Records drawn from a dataset
"""

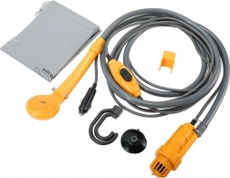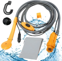 Táto prenosná cestovná sprcha je napájaná zo štandardnej 12V autozásuvky, takže ju ľahko použijete v aute, obytnom vozidle, na lodi alebo na pozemku s prístupom k batérii. Vďaka dlhému napájaciemu káblu a hadici je manipulácia pohodlná a umývanie rýchle.
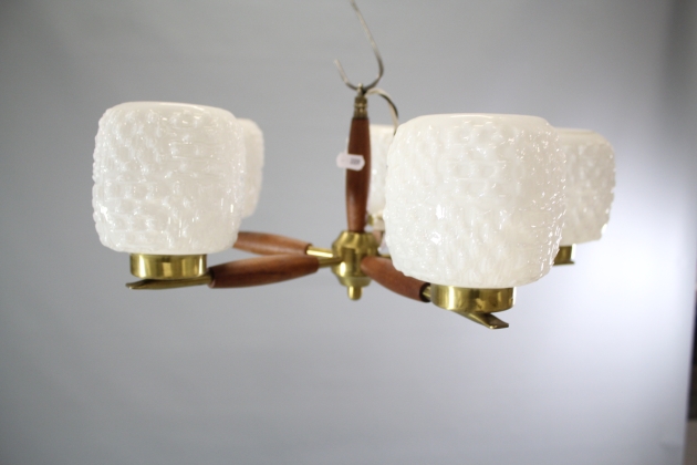209. Taklampa i teak, glas och mässing 1950/60-tal
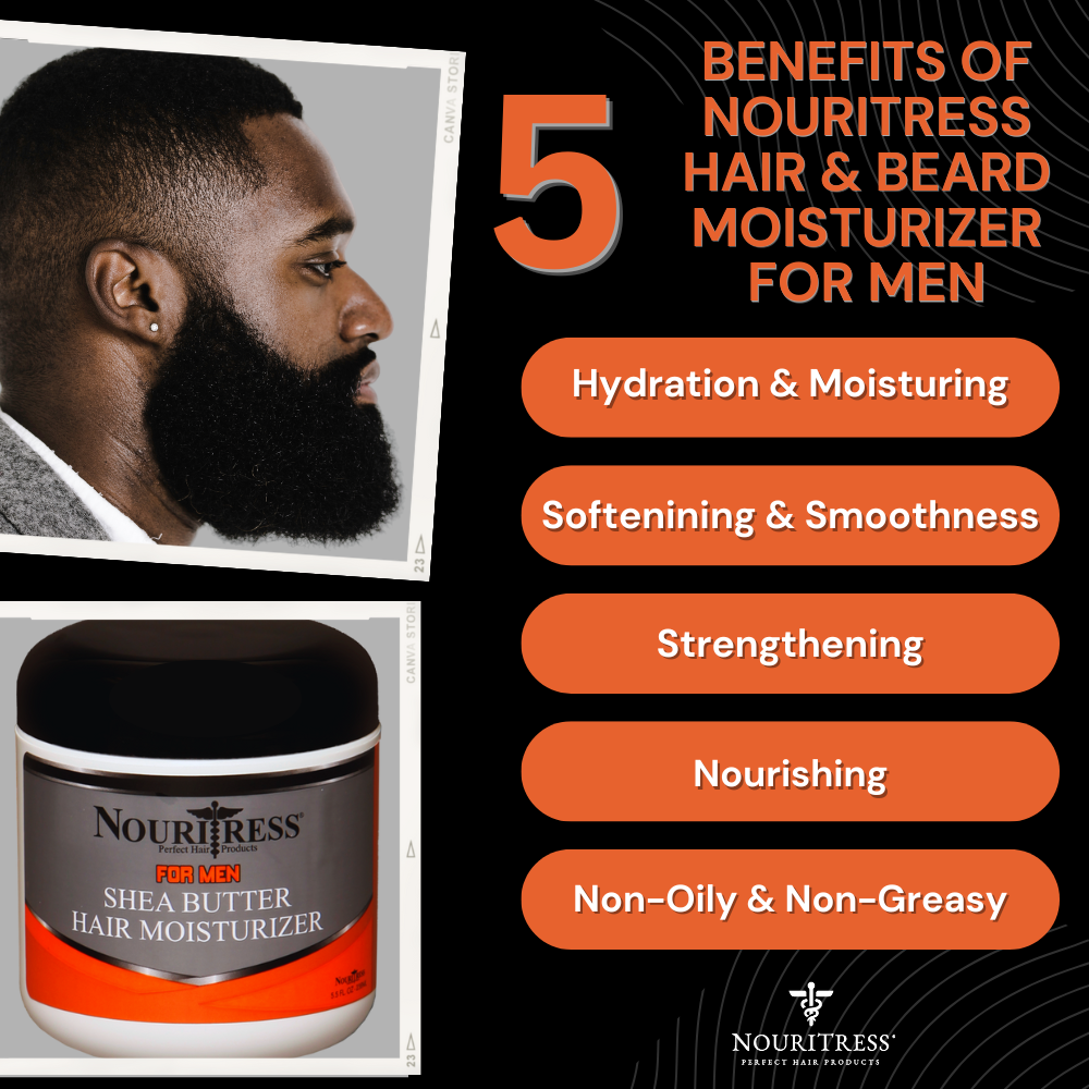 NouriTress Shea Butter Hair & Beard Moisturizer FOR MEN is a non-oily, light weight, scalp & beard cream with African Shea Butter. This hair and beard cream softens, adds moisture and sheen to the hair, scalp or beard. This product is great for dry, brittle hair and beard. Recommended for ethnic hair.
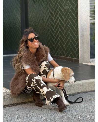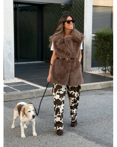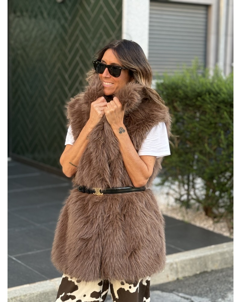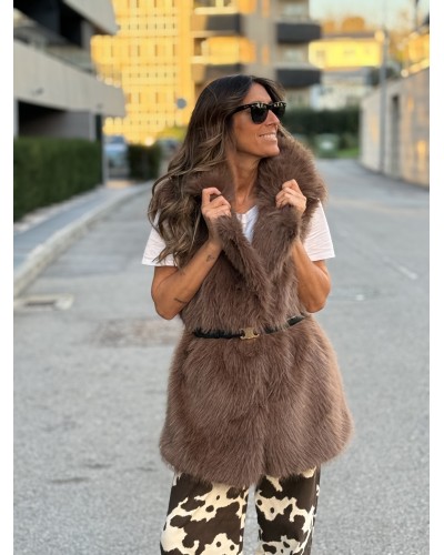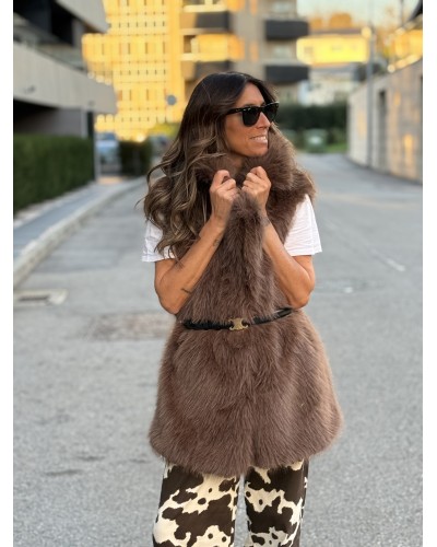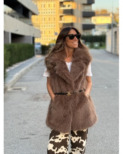 Chaleco efecto pelo, abundante en color marrón. Largo 3/4. Con cuello solapa, bolsillos y clips delanteros para su cierre. Con forro.
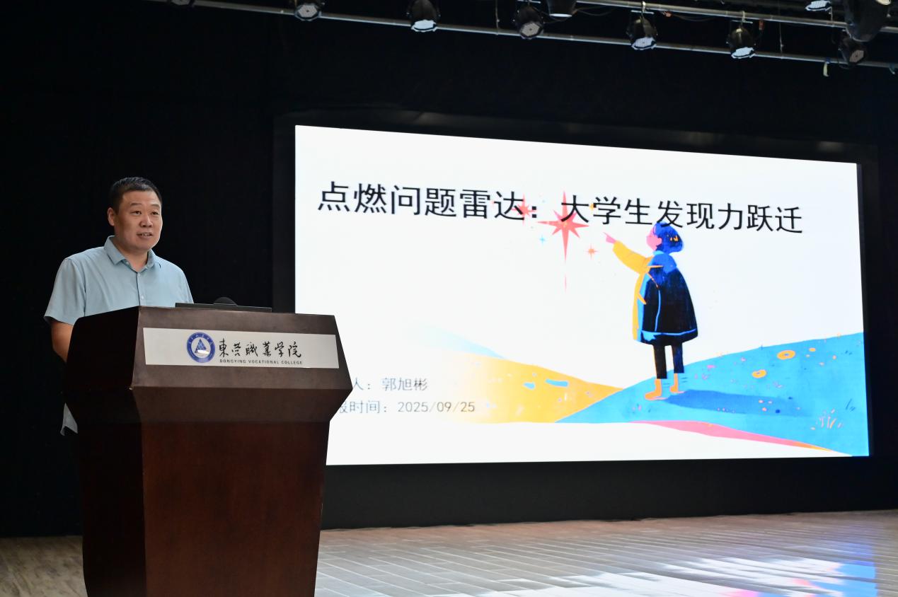 东营市建筑设计研究院有限公司总建筑师郭旭彬率先开讲。他以《点燃问题雷达:大学生发现力跃迁》为题,聚焦“发现力”,提出从课堂到产业的发现力跃迁路径,助力学生适应时代需求和行业发展。
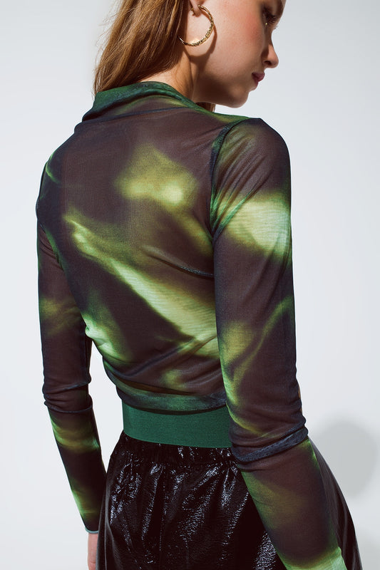 Haut en filet froncé sur le côté avec un imprimé violet abstrait
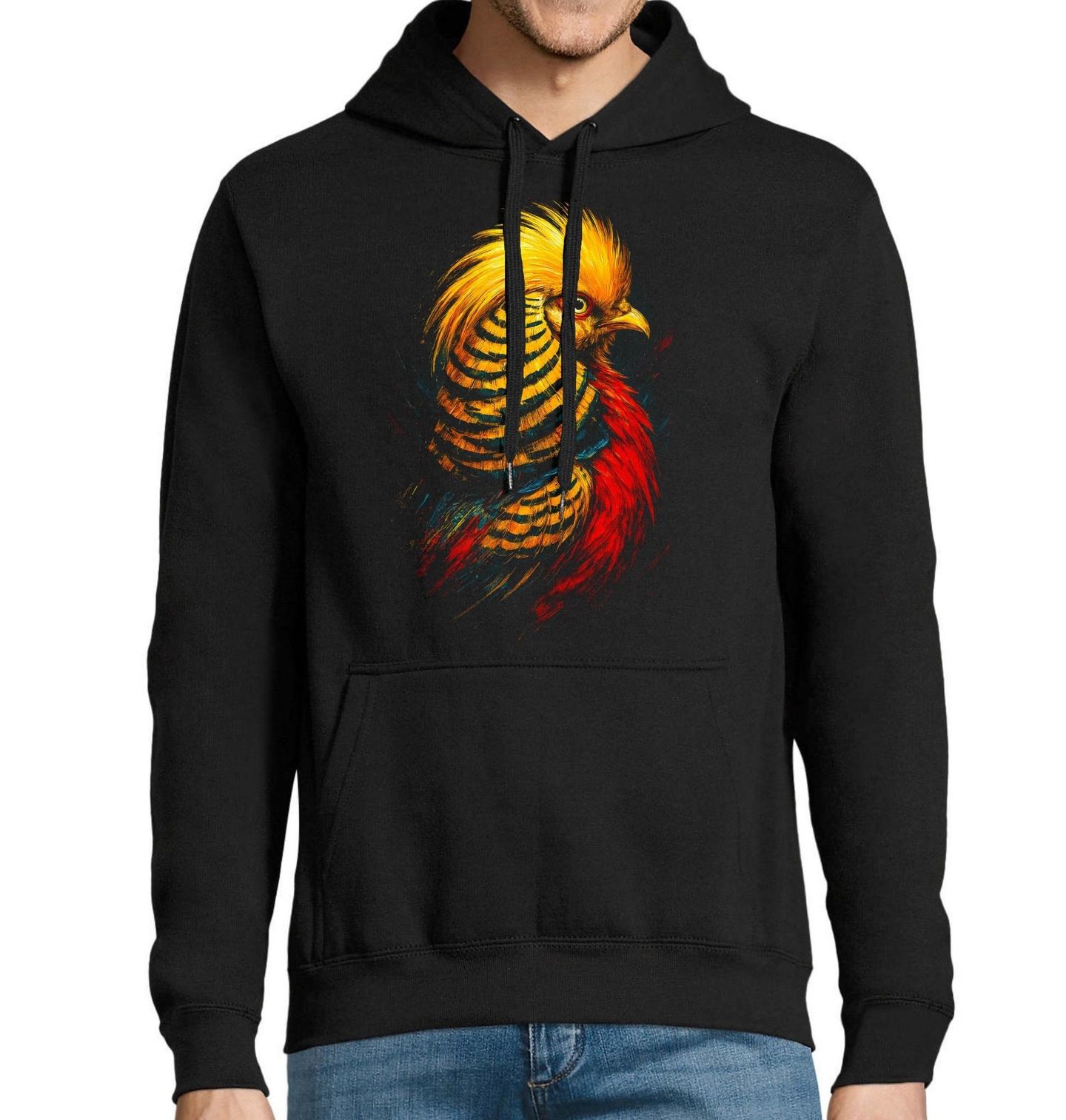 Pánská mikina Bažant zlatý. Tento výrazný motiv zachycuje exotický pták jménem bažant zlatý (Chrysolophus pictus), jeden z nejkrásnějších druhů bažantů na světě. Pták je proslulý svou zářivou zlatou chocholkou, pruhovaným límcem a kontrastním červeným tělem, které vyniká svou elegancí i jedinečným zbarvením.

"""

Pictures do not belong in the copy. Repeat only the lines from the top of the records through the line containing "209. Taklampa i".

### Result for this exercise
 Táto prenosná cestovná sprcha je napájaná zo štandardnej 12V autozásuvky, takže ju ľahko použijete v aute, obytnom vozidle, na lodi alebo na pozemku s prístupom k batérii. Vďaka dlhému napájaciemu káblu a hadici je manipulácia pohodlná a umývanie rýchle.
209. Taklampa i teak, glas och mässing 1950/60-tal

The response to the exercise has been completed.